DOI: 10.4230/LIPIcs.STACS.2025.9

Improved Approximation Algorithms for (1,2)-TSP and Max-TSP Using Path Covers in the Semi-Streaming Model

Authors: Sharareh Alipour, Ermiya Farokhnejad, and Tobias Mömke

Published in: LIPIcs, Volume 327, 42nd International Symposium on Theoretical Aspects of Computer Science (STACS 2025)

Abstract

We investigate semi-streaming algorithms for the Traveling Salesman Problem (TSP). Specifically, we focus on a variant known as the (1,2)-TSP, where the distances between any two vertices are either one or two. Our primary emphasis is on the closely related Maximum Path Cover Problem, which aims to find a collection of vertex-disjoint paths that covers the maximum number of edges in a graph.
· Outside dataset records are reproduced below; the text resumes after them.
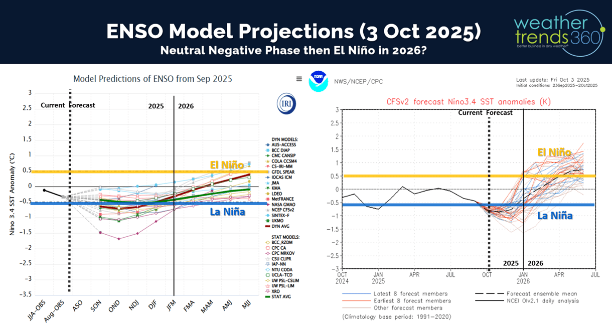 Most models show this brief dip of cooler Equatorial Ocean temperatures and then a rapid warming trend in Spring 2026. In part why
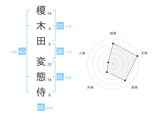 榎木田 変態侍さんを姓名の画数から五運を鑑定
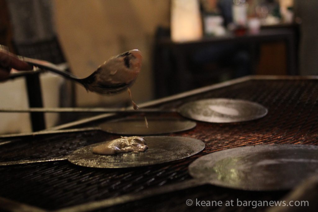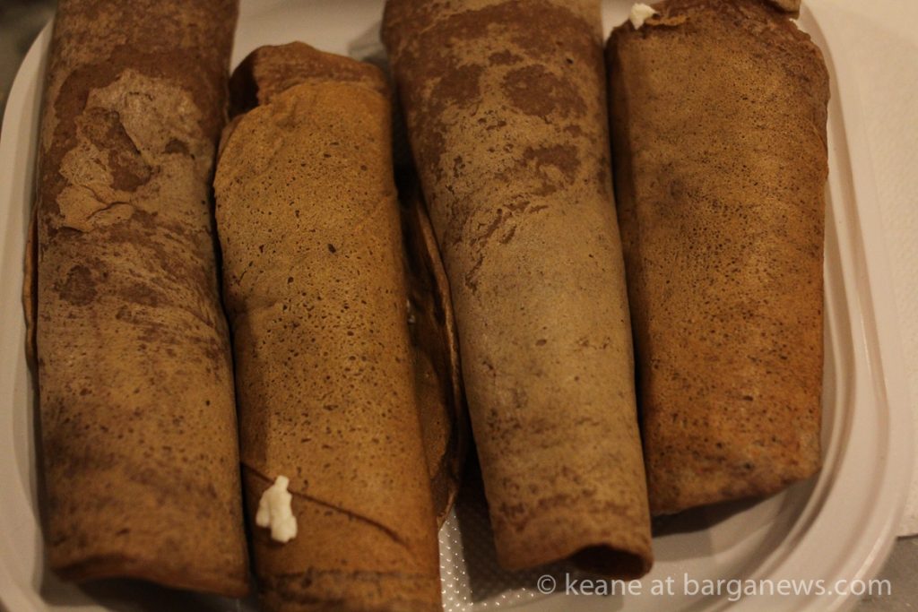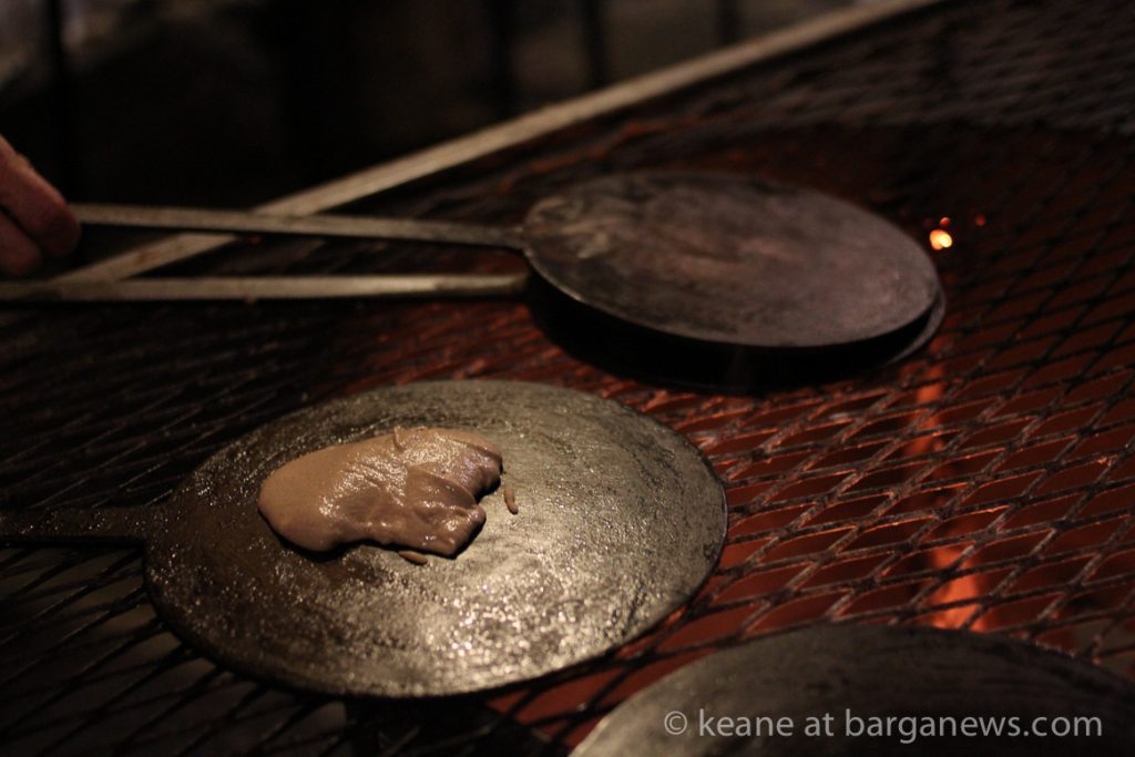 Necci …. sweet chestnut flour, water and salt mixed into a thick paste and cooked between two hot plates over a flame. Two metal plates, the testi or cotte, are oiled and heated and the chestnut paste is poured onto one of the plates, the other is placed over the top so that the necci can be cooked from both sides. A stick to press down on the top plate and in seconds you have one of the tastiest foods in this area (add some ricotta and you have quite simply the Food of Gods)

We propose an algorithm that, for any ε > 0, achieves a (2/3-ε)-approximation of the maximum path cover size for an n-vertex graph, using poly(1/ε) passes. This result improves upon the previous 1/2-approximation by Behnezhad et al. [Soheil Behnezhad et al., 2023] in the semi-streaming model. Building on this result, we design a semi-streaming algorithm that constructs a tour for an instance of (1,2)-TSP with an approximation factor of (4/3 + ε), improving upon the previous 3/2-approximation factor algorithm by Behnezhad et al. [Soheil Behnezhad et al., 2023]. Furthermore, we extend our approach to develop an approximation algorithm for the Maximum TSP (Max-TSP), where the goal is to find a Hamiltonian cycle with the maximum possible weight in a given weighted graph G. Our algorithm provides a (7/12 - ε)-approximation for Max-TSP in poly(1/(ε)) passes, improving on the previously known (1/2-ε)-approximation obtained via maximum weight matching in the semi-streaming model.

Cite as

Sharareh Alipour, Ermiya Farokhnejad, and Tobias Mömke. Improved Approximation Algorithms for (1,2)-TSP and Max-TSP Using Path Covers in the Semi-Streaming Model. In 42nd International Symposium on Theoretical Aspects of Computer Science (STACS 2025). Leibniz International Proceedings in Informatics (LIPIcs), Volume 327, pp. 9:1-9:17, Schloss Dagstuhl – Leibniz-Zentrum für Informatik (2025)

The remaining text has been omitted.